Monotone Maps, Sphericity and Bounded Second Eigenvalue

TL;DR

This paper studies monotone embeddings of finite metric spaces into low-dimensional normed spaces, revealing limitations based on graph sphericity and eigenvalues, and characterizing graphs that resist such embeddings.

Contribution

It establishes bounds on the sphericity of regular graphs using eigenvalues and connects these results to the difficulty of monotone embeddings into low-dimensional spaces.

Findings

Any metric on n points can be embedded into l2^n.

Almost every n-point metric space requires high-dimensional space for monotone embedding.

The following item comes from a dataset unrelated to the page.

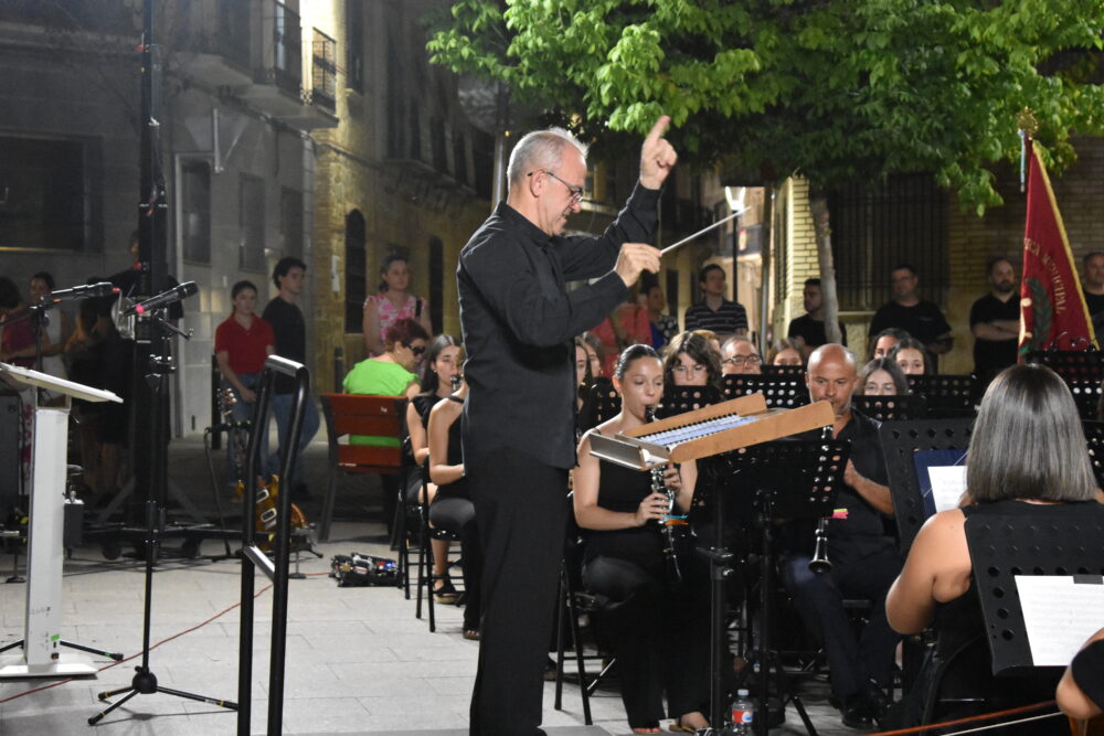 Tras interpretar “Mecano Sinfónico” con arreglos de Azalea Tormo, la Banda dirigida por D. Sebastián Heras Romero ha finalizado la emotiva velada con “La Boda de Luis Alfonso” de Geronimo Giménez, que ha puesto al público en pie con una gran ovación que ha provocado la interpretación de un bis, el Pasodoble “El Tío Caniyitas”, poniendo así el broche final al Concierto de Pre – feria 2025 y al homenaje a la figura cultural de Juan Martín de Nicolás.

Graphs with bounded second eigenvalue have high sphericity, limiting low-dimensional embeddings.

Abstract

We consider {\em monotone} embeddings of a finite metric space into low dimensional normed space. That is, embeddings that respect the order among the distances in the original space. Our main interest is in embeddings into Euclidean spaces. We observe that any metric on $n$ points can be embedded into $l_2^n$, while, (in a sense to be made precise later), for almost every $n$-point metric space, every monotone map must be into a space of dimension $\Omega(n)$. It becomes natural, then, to seek explicit constructions of metric spaces that cannot be monotonically embedded into spaces of sublinear dimension. To this end, we employ known results on {\em sphericity} of graphs, which suggest one example of such a metric space - that defined by a complete bipartitegraph. We prove that an $\delta n$-regular graph of order $n$, with bounded diameter has sphericity $\Omega(n/(\lambda_2+1))$, where $\lambda_2$ is the second largest eigenvalue of the adjacency matrix of the graph, and $0 < \delta \leq \half$ is constant. We also show that while random graphs have linear sphericity, there are {\em quasi-random} graphs of logarithmic sphericity. For the above bound to be linear, $\lambda_2$ must be constant. We show that if the second eigenvalue of an $n/2$-regular graph is bounded by a constant, then the graph is close to being complete bipartite. Namely, its adjacency matrix differs from that of a complete bipartite graph in only $o(n^2)$ entries. Furthermore, for any $0 < \delta < \half$, and $\lambda_2$, there are only finitely many $\delta n$-regular graphs with second eigenvalue at most $\lambda_2$.